OBJECTIVE: To assess demographic, clinical, and biomarker features distinguishing patients with multisystem inflammatory syndrome in children (MIS-C); compare MIS-C sub-phenotypes; identify cytokine biosignatures; and characterize viral genome sequences.

STUDY DESIGN: We performed a prospective observational cohort study of 124 children hospitalized and treated under the institutional MIS-C Task Force protocol from March to September 2020 at Children's National, a quaternary freestanding children's hospital in Washington, DC. Of this cohort, 63 of the patients had the diagnosis of MIS-C (39 confirmed, 24 probable) and 61 were from the same cohort of admitted patients who subsequently had an alternative diagnosis (controls).

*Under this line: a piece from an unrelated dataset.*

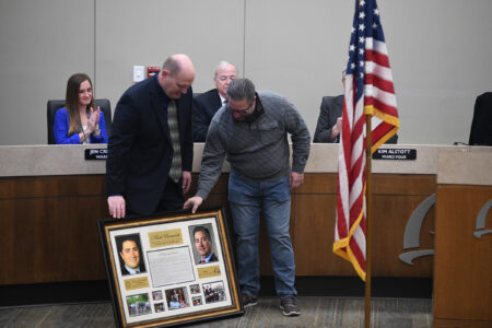 Former Fort Dodge Mayor Matt Bemrich, right, receives a framed collage of photos from his time as mayor. City Manager David Fierke, left, presented it to him. Fierke said a copy of it will hang in the City Council meeting room.

RESULTS: Median age and sex were similar between MIS-C and controls. Black (46%) and Latino (35%) children were over-represented in the MIS-C cohort, with Black children at greatest risk (OR 4.62, 95% CI 1.151-14.10; P = .007). Cardiac complications were more frequent in critically ill patients with MIS-C (55% vs 28%; P = .04) including systolic myocardial dysfunction (39% vs 3%; P = .001) and valvular regurgitation (33% vs 7%; P = .01). Median cycle threshold was 31.8 (27.95-35.1 IQR) in MIS-C cases, significantly greater (indicating lower viral load) than in primary severe acute respiratory syndrome coronavirus 2 infection. Cytokines soluble interleukin 2 receptor, interleukin [IL]-10, and IL-6 were greater in patients with MIS-C compared with controls. Cytokine analysis revealed subphenotype differences between critically ill vs noncritically ill (IL-2, soluble interleukin 2 receptor, IL-10, IL-6); polymerase chain reaction positive vs negative (tumor necrosis factor-α, IL-10, IL-6); and presence vs absence of cardiac abnormalities (IL-17). Phylogenetic analysis of viral genome sequences revealed predominance of GH clade originating in Europe, with no differences comparing patients with MIS-C with patients with primary coronavirus disease 19. Treatment was well tolerated, and no children died.

CONCLUSIONS: This study establishes a well-characterized large cohort of MIS-C evaluated and treated following a standardized protocol and identifies key clinical, biomarker, cytokine, viral load, and sequencing features. Long-term follow-up will provide opportunity for future insights into MIS-C and its sequelae.